Pai Rico – Não se ouve nada...que se terá passado aqui? (Chama) Meu genro! Ó meu genro! (Sai o Mancebo) Então?
Mancebo – Já está mansa...
Pai Rico – Mansa? Minha filha?
Mancebo – Mansa como uma ovelha.
Pai Rico – Mas isto é maravilhoso! Conta-me como te arranjaste para conseguir tal milagre?
Mancebo – Puxando forte a rédea desde o princípio. Mandei o cão trazer água, como não obedeceu, matei-o a punhaladas diante dela. Fiz o mesmo com o gato e depois com o cavalo. Assim, que quando ordenei-lhe que me trouxesse água, obedeceu voando por medo de sofrer igual castigo. Eu vos garanto que de hoje em diante vossa filha será a mulher mais bem mandada do mundo. E juntos teremos uma vida muito feliz.
Pai Rico – Por todos os diabos, rapaz...Que grande idéia me estás dando...se eu puder fazer o mesmo com a mãe, que também é uma tirana!
Mancebo – Não sei o que dizer, meu sogro. Mas penso que nunca os segundos tempos foram bons...Lembrai-vos daqueles versos de Lucanor: “Se no início não mostras que és capaz, não poderás mostrá-lo nunca mais”. Cuidado, aí vem vossa mulher...
Pai Rico – Por tua alma, rapaz! Deixa comigo esta espada.
Mancebo – Aqui está. Que o céu vos ajude...Adeus, meu sogro. (Sai o mancebo. Descerra-se a cortina outra vez e entra a Mãe)

CENA 6

Mãe – Que fazeis aqui, marido, tão cedo e com uma espada na mão?
Pai – E quem sois para perguntar-me alguma coisa, senhora?
Mãe – Hein? Perguntais quem sou?
Pai – Falai quando fordes mandada e muito cuidado para não me aborrecer. (Ouve-se de dentro o canto de um galo)
Mãe – Com que então essa é a nova fala vossa, hein, marido?
Pai Rico – E antes de replicar mais uma palavra, olhai bem o que vou fazer. Ei, tu, dom galo, traz-me água para lavar as mãos!
Mãe – Mas o que fazeis, dom fulano? É com o galo essa conversa?

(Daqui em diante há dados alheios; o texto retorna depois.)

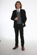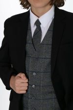 Boys 5 Piece Black Suit with Blue Check Michael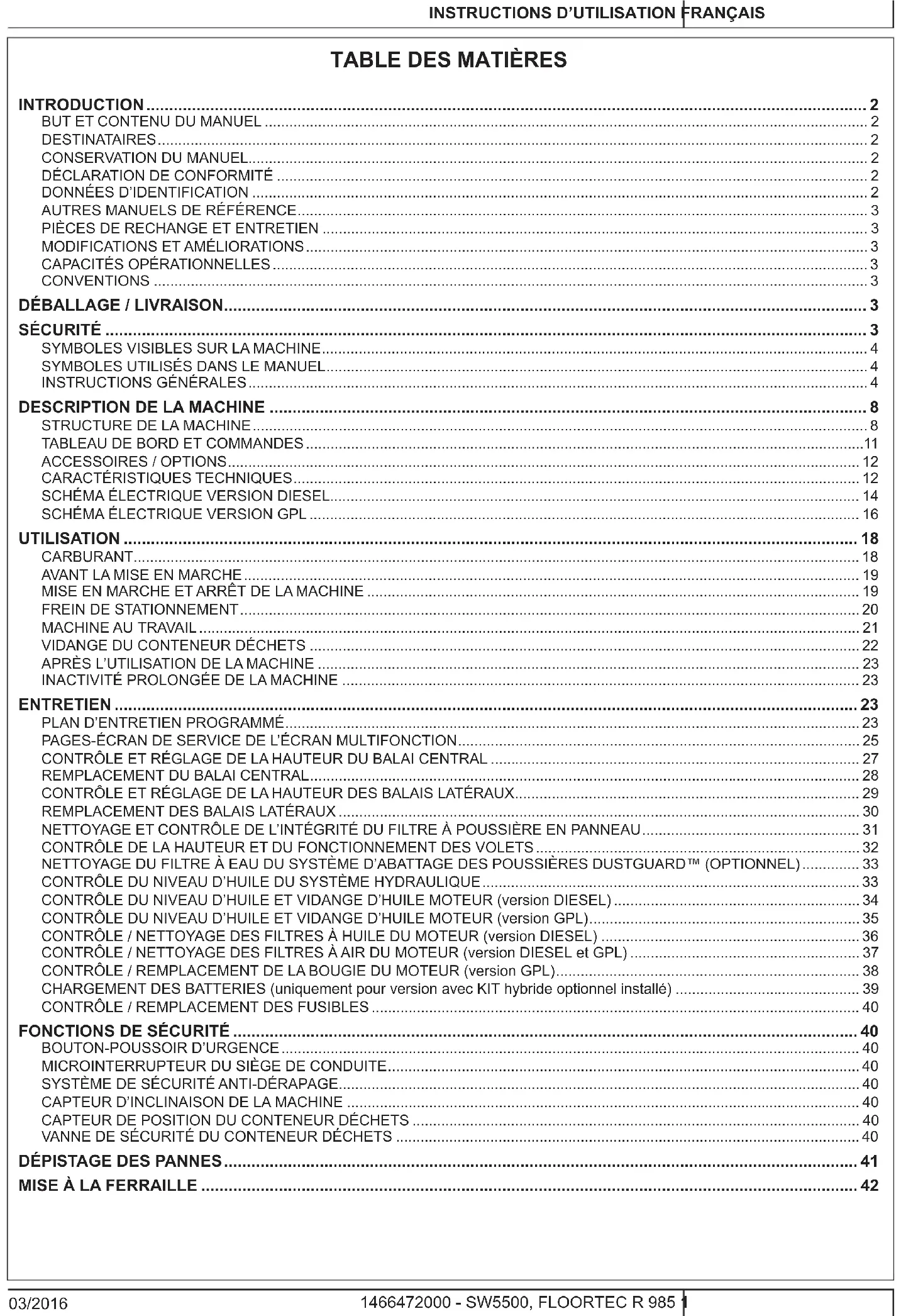 03/2016 ATTENTION ! – Cette machine est un produit de classe A : en milieu domestique, il peut provoquer un brouillage radio pour lequel il pourrait s’avérer nécessaire de prendre des mesures de prévention adaptées. – Avant d’utiliser la machine, fermer tous les couvercles et / ou portillons, comme indiqué dans les instructions d’utilisation. – Ne pas laver la machine avec des jets d’eau directs ou sous pression ou avec des substances corrosives. – Utiliser la machine exclusivement dans des endroits illuminés. – Les feux de travail (en option) ont uniquement la fonction d’améliorer la visibilité du sol à nettoyer ; ils ne permettent pas à la machine de travailler dans un endroit sombre. – Pendant l’utilisation de la machine, faire attention à sauvegarder l’intégrité des autres personnes et à éviter tout dommage matériel. – Ne pas heurter contre des étagères ou des échafaudages, en particulier en cas de danger de chute d’objets. – Ne pas poser de conteneurs de liquides sur la machine, mais utiliser le porte-boissons prévu a cet eet. – La température de stockage doit être comprise entre 0 °C et +40 °C. – La température de travail de la machine doit être comprise entre 0 °C et +40 °C. – L’humidité doit être comprise entre 30 % et 95 %. – Protéger toujours la machine du soleil, de la pluie et d’autres intempéries, pendant le fonctionnement et en état d’arrêt. Garder la machine dans un endroit couvert et sec : (si applicable) elle a été conçue pour l’utilisation à sec, par conséquent elle ne doit pas être utilisée ou gardée à l’extérieur, exposée à l’humidité. – Ne pas utiliser la machine comme moyen de transport ou de poussée / remorquage. – La portée maximum de la machine, en plus du poids de l’opérateur, est de 240 kg (poids des déchets). – En cas d’incendie, utiliser un extincteur à poudre, plutôt qu’un extincteur à eau. – Adapter la vitesse d’utilisation aux conditions d’adhérence. – Éviter tout freinage brusque en descente. Éviter tout changement brusque de direction. Procéder à vitesse réduite en descente. – La machine n’est pas approuvée pour l’utilisation sur la voie publique. – Ne pas altérer pour aucune raison les protections prévues pour la machine. – Respecter scrupuleusement les instructions prévues pour l’entretien ordinaire. – Ne pas laisser entrer d’objets dans les ouvertures. Ne pas utiliser la machine si les ouvertures sont bouchées. Garder les ouvertures de la machine libres de poussière, lasse, poils et tout autre corps étranger à même de réduire le ux d’air. – (Uniquement pour les versions avec le système d’abattage des poussières DustGuard™ installé). Faire attention pendant les déplacements de la machine en conditions de températures inférieures au point de congélation. L’eau présente dans le réservoir ou dans les tuyaux pourrait se congeler et endommager sérieusement la machine. – Ne pas enlever ou altérer les plaques installées sur la machine. – Au cas où la machine est déplacée par poussée pour des raisons de service (manque de carburant, etc.), ne jamais dépasser la vitesse de 4 km/h. – S’assurer que les éventuelles anomalies de fonctionnement de la machine ne dépendent pas du manque d’entretien. En cas contraire demander l’intervention de personnel autorisé ou d’un Service après-vente agréé. – En cas de remplacement de pièces, demander les pièces de rechange D’ORIGINE à un concessionnaire ou revendeur agréé. – An de garantir la sécurité et le bon fonctionnement de la machine, faire eectuer l’entretien programmé prévu au chapitre spécique de ce manuel par du personnel autorisé ou par un Service après-vente agréé. – Lors de la mise à la ferraille, la machine ne doit pas être abandonnée par la présence de matériaux toxiques (batteries, huiles etc.), sujets à des lois qui prévoient l’élimination auprès de centres spéciaux (voir le chapitre Mise à la ferraille). – Pendant le fonctionnement du moteur, le silencieux se chaue ; ne pas toucher le silencieux lorsqu’il est chaud pour éviter des brûlures graves et des incendies. – Le fonctionnement du moteur avec une quantité d’huile insusante peut endommager de façon grave le moteur même. Contrôler le niveau d’huile avec le moteur arrêté et la machine en position horizontale. – Ne pas faire fonctionner le moteur sans le ltre à l’air ; le moteur pourrait s’endommager. – Les interventions d’assistance technique pour le moteur doivent être eectuées par un concessionnaire agréé. Utiliser exclusivement des pièces de rechange d’origine ou des pièces équivalentes pour le moteur. L’utilisation de pièces de rechange de qualité non équivalente peut sérieusement endommager le moteur. – Voir les NORMES DE SÉCURITÉ indiquées dans le manuel du moteur, qui constitue une partie intégrante de ce manuel.INSTRUCTIONS D’UTILISATION FRANÇAIS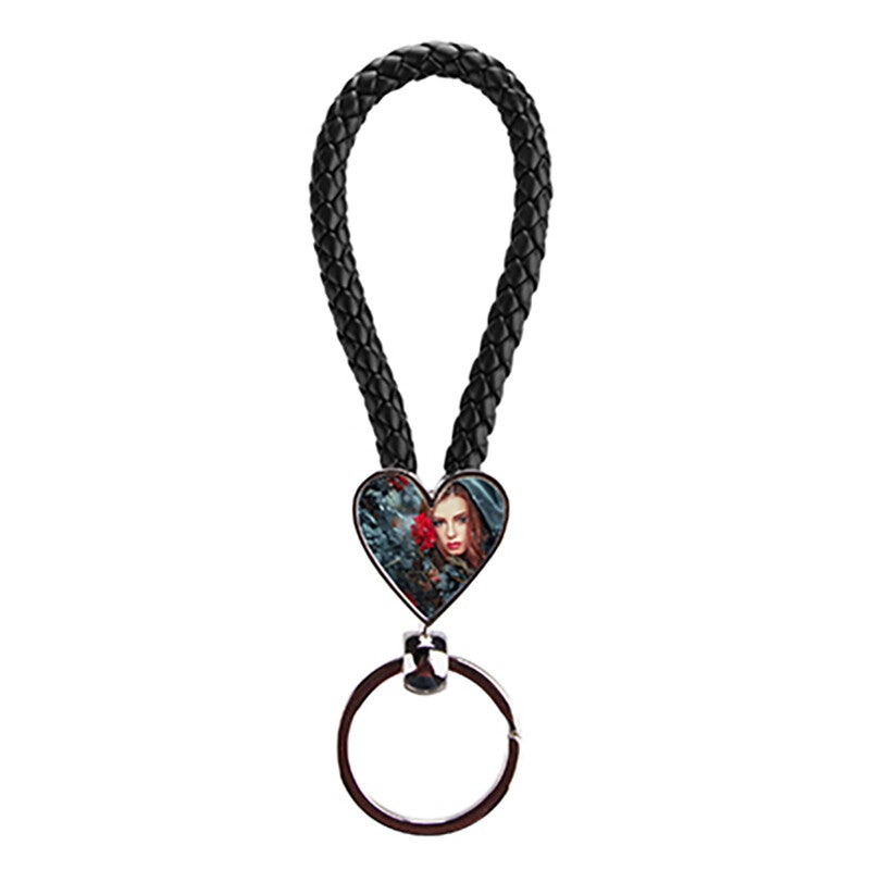 Sleutelhanger met koord van kunstleer met bedrukbaar hartoppervlak voor sublimatie of folie. Bedrukbare plaatje is ca. 2,2 x 2 cm. Het hart kan aan 2 kanten bedrukt worden! Totale sleutelhanger 3,3 x 13 cm. De sleutelhanger is verpakt in een cadeauverpakking/doosje.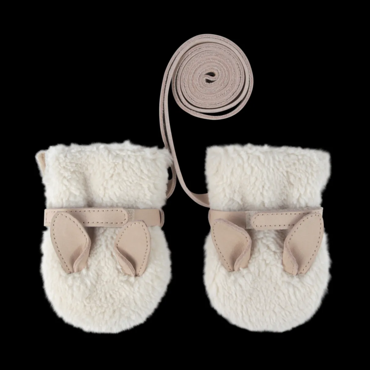 Cuddly Bunny! Those sweet little fingers will stay warm and snug in these irresistibly cute bunny mittens. The adjustable velcro straps and a leather cord ensure that the mittens won’t slip off the hands.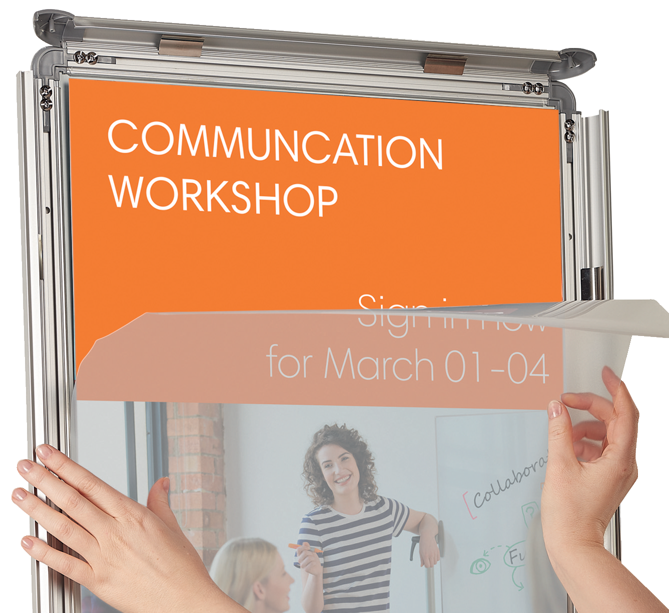 Vægmonteret skifteramme til sikker visning af plakater, skilte og information. Den smarte aluminiums klikramme giver en professionel finish og giver hurtig og nem ændring af indhold. Denne stabile og sikre skiltholder har en bagside, der sættes fast til væggen ved hjælp af hjørnemontage, og det beskyttende antirefleks glas er let at tørre af. En ideel løsning til visning af midlertidige eller permanente plakater og skilte. Indholdsstørrelse op til A3.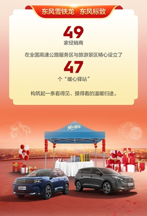 2026年春运大幕将启,归心化作万里车流。在这段满载团圆的旅途中,东风标致和东风雪铁龙再度如约而至,开启了“狮舞龙腾,暖心护航”为主题的新春出行关爱活动。2月14日至2月23日,东风标致和东风雪铁龙将联动全国49家经销商,于高速公路服务区及热门景区设立47处“暖心驿站”,将“五心守护”的承诺,从日常延伸至每一段归途。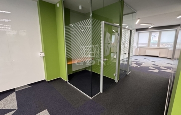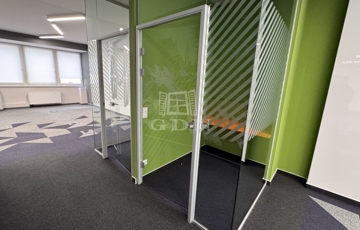 - több, különböző méretű üvegfalú zárt iroda / tárgyaló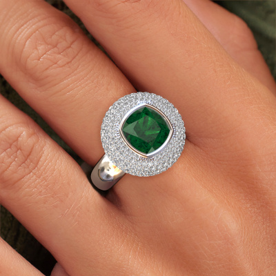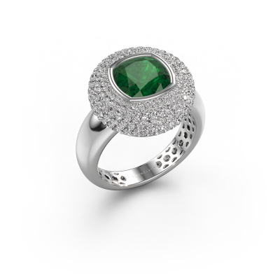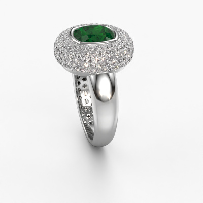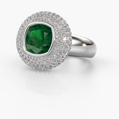 This exclusive platinum Keshia ring is a true work of art! This ring is made of platinum and is set with 8 mm cushion emerald. The smallest ornaments are crafted by our goldsmith with a lot of patience and great passion. In order to create this ring with great precision, this craft requires a keen eye and a skilful hand. A challenge which ignites a fire in our expert goldsmiths. The exquisite emerald are set in a way that their unique qualities are strengthened. This gives the ring an even more glamorous appearance. The ring is unique by itself though, because of the natural birthstones we selected especially for this Keshia ring. And by choosing the precious metal yourself, you create a unique ring. Our goldsmiths passionately create your customized ring to your liking with the utmost care. The platinum ring, as shown here, can be customized using our online tool. Feel free to ask our jewel designers for assistance if you want changes made which are unavailable in our online tool. We are happy to answer your questions.By using our modern techniques, we can design and customize the finest quality jewels with the utmost care for you. Our rings are always priced 30 percent lower than other jewellers. We make rings to order, so we don't have to maintain a large stock. If you have a certain budget, we are more than happy to advice you accordingly.To make it easier for you, we offer a 30 day return policy. Check our terms and conditions.

Pai Rico – Silêncio! E fique de olho no que se vai passar aqui! (Para o suposto galo) Não ouviste que te pedi água para as mãos? (Pausa) O quê? Não me obedeces? Espera, espera! (Sai furioso)
Mãe – pelo que vejo hoje a festa é completa...(Volta o Pai, trazendo o galo morto pelo pescoço)
Pai Rico – Viste o que aconteceu com este galo por não me obedecer?
Mãe – Vejo muito bem, marido. Porém tarde demais vos lembrastes de tal providência. Isto deveria ter começado há trinta anos. Agora tão bem já nos conhecemos que nada disso me convenceria, ainda que matásseis cem cavalos...(Arrebatando o galo da mão do marido e agredindo-o com ele) Vamos, vamos! Para dentro, toleirão! Já! Não há galo morto que te salve! Vamos, vamos!